From mboxrd@z Thu Jan  1 00:00:00 1970
From: Jamie Lokier <jamie@shareable.org>
Subject: Re: Bug: epoll_wait timeout is shorter than requested
Date: Mon, 17 Jan 2005 16:48:36 +0000
Message-ID: <20050117164836.GA25815@mail.shareable.org>
References: <87651wl32d.fsf@qrnik.zagroda> <20050117114821.GB20152@mail.shareable.org> <87r7kk41gp.fsf@qrnik.zagroda> <20050117143348.GA23427@mail.shareable.org> <87acr8uizp.fsf@qrnik.zagroda>
Mime-Version: 1.0
Content-Type: text/plain; charset=us-ascii
Return-path: <linux-fsdevel-owner@vger.kernel.org>
Received: from mail.shareable.org ([81.29.64.88]:3513 "EHLO mail.shareable.org")
	by vger.kernel.org with ESMTP id S262258AbVAQQsh (ORCPT
	<rfc822;linux-fsdevel@vger.kernel.org>);
	Mon, 17 Jan 2005 11:48:37 -0500
Received: from mail.shareable.org (localhost [127.0.0.1])
	by mail.shareable.org (8.12.8/8.12.8) with ESMTP id j0HGma81026178
	for <linux-fsdevel@vger.kernel.org>; Mon, 17 Jan 2005 16:48:36 GMT
Received: (from jamie@localhost)
	by mail.shareable.org (8.12.8/8.12.8/Submit) id j0HGmaMK026176
	for linux-fsdevel@vger.kernel.org; Mon, 17 Jan 2005 16:48:36 GMT
To: linux-fsdevel@vger.kernel.org
Content-Disposition: inline
In-Reply-To: <87acr8uizp.fsf@qrnik.zagroda>
Sender: linux-fsdevel-owner@vger.kernel.org
List-Id: linux-fsdevel.vger.kernel.org

Marcin 'Qrczak' Kowalczyk wrote:
> > If you call select with { 0, 10000 } - that is, 10 milliseconds, then
> > you get a delay between 0ms and 10ms on a 100Hz kernel.
> >
> > That is easy to measure.  Just call select() in a loop and observe the
> > times.
> 
> I think HZ is now 1000 on x86, so I can't determine experimentally
> which 1ms shifts come from the resolution of poll/epoll interface and
> which come from the timer frequency.

Sure you can.  Call select(0,0,0,0,{0,1000}) in a loop, and you'll
see it returns every 1ms.

Call poll(0,0,1) and you'll see it returns every 2ms.

Call epoll_wait (epfd,0,0,1) and you'll see it returns every 1ms.

That 2ms minimum wait with poll() is the problem, although it was more
of a problem when HZ was 100 (as it still is on some architectures).

> What you are saying implies that the amount by which select/epoll may
> shorten the timeout depends on the timer frequency.

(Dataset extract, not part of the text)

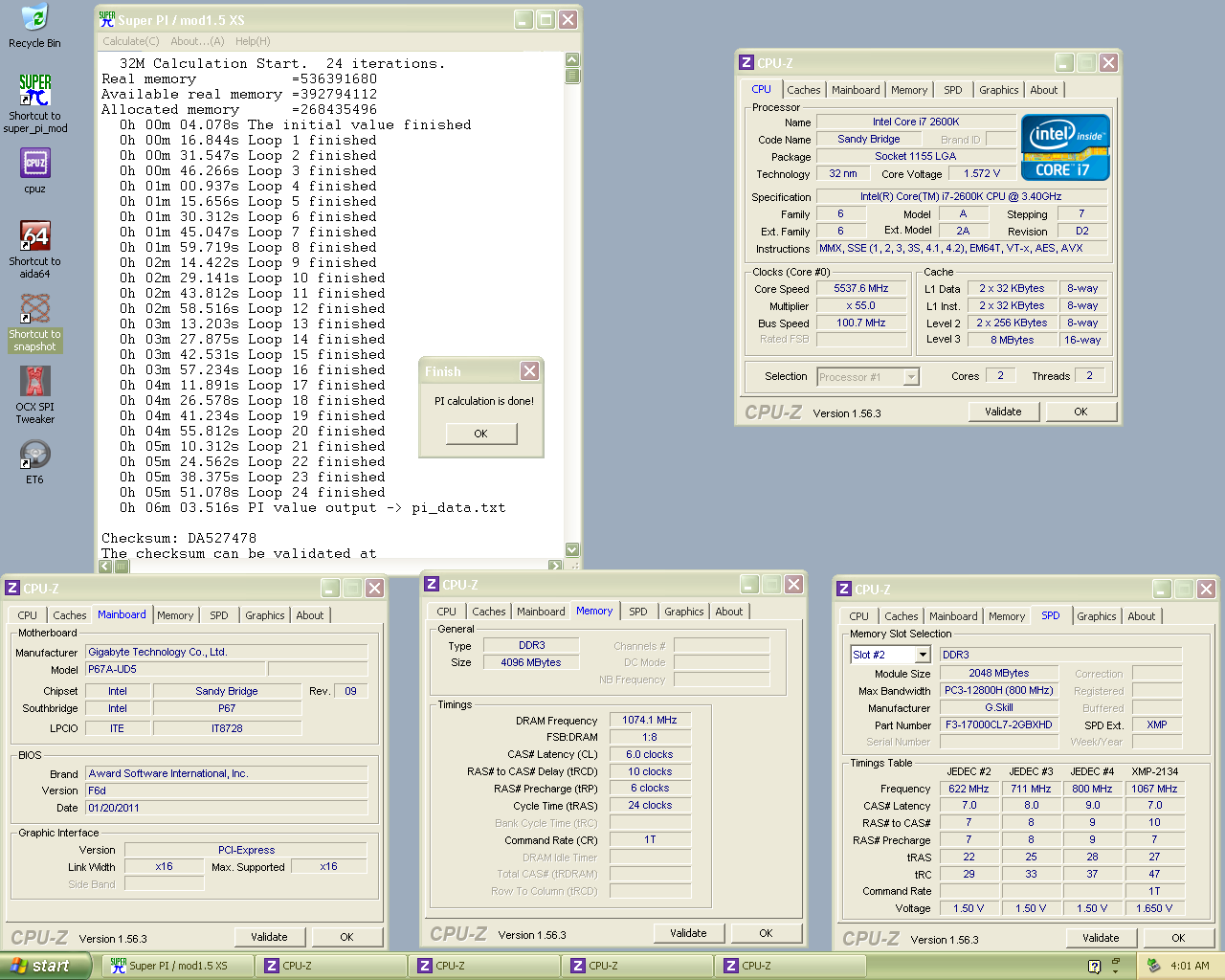 SuperPi 32m - 6min 0sec 531ms - OC Maximus (OCAlliance) - (Intel Core i7 2600K @5587MHz) 22.7 + 15.4 points

Thus a program
> which does not know the timer frequency can't know how much to make
> the timeout longer, without risking having to sleep again.

Correct.

Another way to look at it is that a program which doesn't know the
timer frequency can't know how much to make the poll() timeout shorter
if it wants shortest non-zero timeouts, or if it is trying to time an
event as close as possible to an absolute time.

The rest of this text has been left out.